Making Waves in Predicting Aortic Aneurysms and Postpartum Complications
Pitt bioengineer Rama Mukkamala will study arterial waveforms as a predictive measure of aortic aneurysm size and fluid overload status in postpartum women
A ruptured abdominal aortic aneurysm is the 15th leading cause of death in the United States and has stolen the lives of everyday people and luminaries alike, such as Albert Einstein and George C. Scott. This unpredictable condition causes our body’s largest vessel to dilate, often unnoticed until it is too late. Once ruptured, the mortality rate is roughly 80 percent.
The University of Pittsburgh’s Ramakrishna Mukkamala will use his lab’s expertise in cardiovascular health technology to advance a convenient monitoring device that can predict aortic aneurysm (AA) growth and the risk of rupture, using devices as common as a smartphone camera or smart scale. The project recently received a $410,344 award from the National Institutes of Health.
“This condition is typically detected by chance,” said Mukkamala, professor of bioengineering at Pitt’s Swanson School of Engineering and professor of anesthesiology and perioperative medicine at Pitt’s School of Medicine. “Despite the risks associated with rupture, ultrasound scans are hardly used to screen for aortic aneurysms because they are too inconvenient. Our proposed device could create a bridge to ultrasound scans by providing a convenient and cost-effective way to indicate aneurysm size.”
Our proposed device could create a bridge to ultrasound scans by providing a convenient and cost-effective way to indicate aneurysm size.
In this project, Mukkamala’s team will study arterial waveforms to determine if they can be used as a non-imaging solution for AA screening. These measurements are easy to obtain because they can be recorded by placing a smartphone’s camera on the neck or stepping onto a smart scale.
“We have already established that there is a connection between waveform measurements and aneurysm size,” Mukkamala said. “We will use a collection of patient data to develop methods that can predict aneurysm size from these waveforms as accurately as possible.”
If successful, the lab will develop a point-of-care device for AA screening and surveillance.
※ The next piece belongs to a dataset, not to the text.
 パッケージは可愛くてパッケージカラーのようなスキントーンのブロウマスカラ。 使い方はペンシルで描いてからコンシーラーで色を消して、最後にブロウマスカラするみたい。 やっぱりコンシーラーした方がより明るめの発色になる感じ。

This simple tool could be better than a physical exam and used in a routine doctor appointment to indicate if a more accurate ultrasound should be ordered.
“Ultimately, this simple step could be of value to patients unaware of a ticking time bomb in their chest,” Mukkamala added. “As the general population ages, this type of work becomes increasingly more relevant.”
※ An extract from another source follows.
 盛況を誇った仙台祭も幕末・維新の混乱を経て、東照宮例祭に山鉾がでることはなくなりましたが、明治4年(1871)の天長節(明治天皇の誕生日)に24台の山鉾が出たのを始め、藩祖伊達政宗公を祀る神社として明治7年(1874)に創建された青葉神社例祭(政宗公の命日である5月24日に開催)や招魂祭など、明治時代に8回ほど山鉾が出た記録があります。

Ultimately, this simple step could be of value to patients unaware of a ticking time bomb in their chest.
Predicting Complications Postpartum
Another relevant cardiac health trend is the United States’ growing maternal mortality rate -- the worst among industrialized countries. The majority of maternal deaths occur postpartum and result from hypertensive disorders like preeclampsia and gestational hypertension.
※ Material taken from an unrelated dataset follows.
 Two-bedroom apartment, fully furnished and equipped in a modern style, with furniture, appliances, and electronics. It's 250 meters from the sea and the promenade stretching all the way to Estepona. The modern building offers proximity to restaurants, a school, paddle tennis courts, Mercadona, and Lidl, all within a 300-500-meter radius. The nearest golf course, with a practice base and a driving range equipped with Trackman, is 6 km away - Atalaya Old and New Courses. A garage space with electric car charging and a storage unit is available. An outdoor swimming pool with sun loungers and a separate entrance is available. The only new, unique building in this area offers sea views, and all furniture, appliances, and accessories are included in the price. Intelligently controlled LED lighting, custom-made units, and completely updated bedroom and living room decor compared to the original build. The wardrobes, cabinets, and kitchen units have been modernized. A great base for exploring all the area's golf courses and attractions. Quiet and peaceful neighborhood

“A subset of women with high blood pressure in pregnancy develop fluid overload and heart failure symptoms postpartum, which can lead to an increased risk of hospital readmission and significant complications after delivery,” explained Alisse Hauspurg, assistant professor of obstetrics, gynecology, and reproductive sciences at Pitt’s School of Medicine.
Mukkamala is a co-investigator on an NIH Trailblazer award led by Hauspurg that also uses arterial waveforms to predict fluid buildup in patients with preeclampsia. Pitt’s Sanjeev Shroff, distinguished professor and Gerald E. McGinnis Chair of bioengineering; and Aman Mahajan, Peter and Eva Safar Professor and chair of anesthesiology and perioperative medicine and professor of bioengineering, will also collaborate on the project.
“Home blood pressure monitors improve manageability of hypertension,” Mukkamala said, “but they do not reduce the incidence of postpartum hospital readmission related to fluid overload.”
Mukkamala and Hauspurg will develop a smartphone-based device for convenient monitoring of postpartum fluid overload. Such a device could indicate which patients should receive more aggressive treatment prior to discharge and may potentially save the life of a new mother.
The aortic aneurysm R21 also includes Jin-Oh Hahn (Co-I), associate professor of mechanical engineering at the University of Maryland; Hao-min Cheng, professor at the National Yang Ming Chiao Tung University; and Rabih Chaer, professor of surgery at Pitt. Hyagriv Simhan, professor of obstetrics, gynecology, and reproductive sciences at Pitt, will collaborate on the Trailblazer award.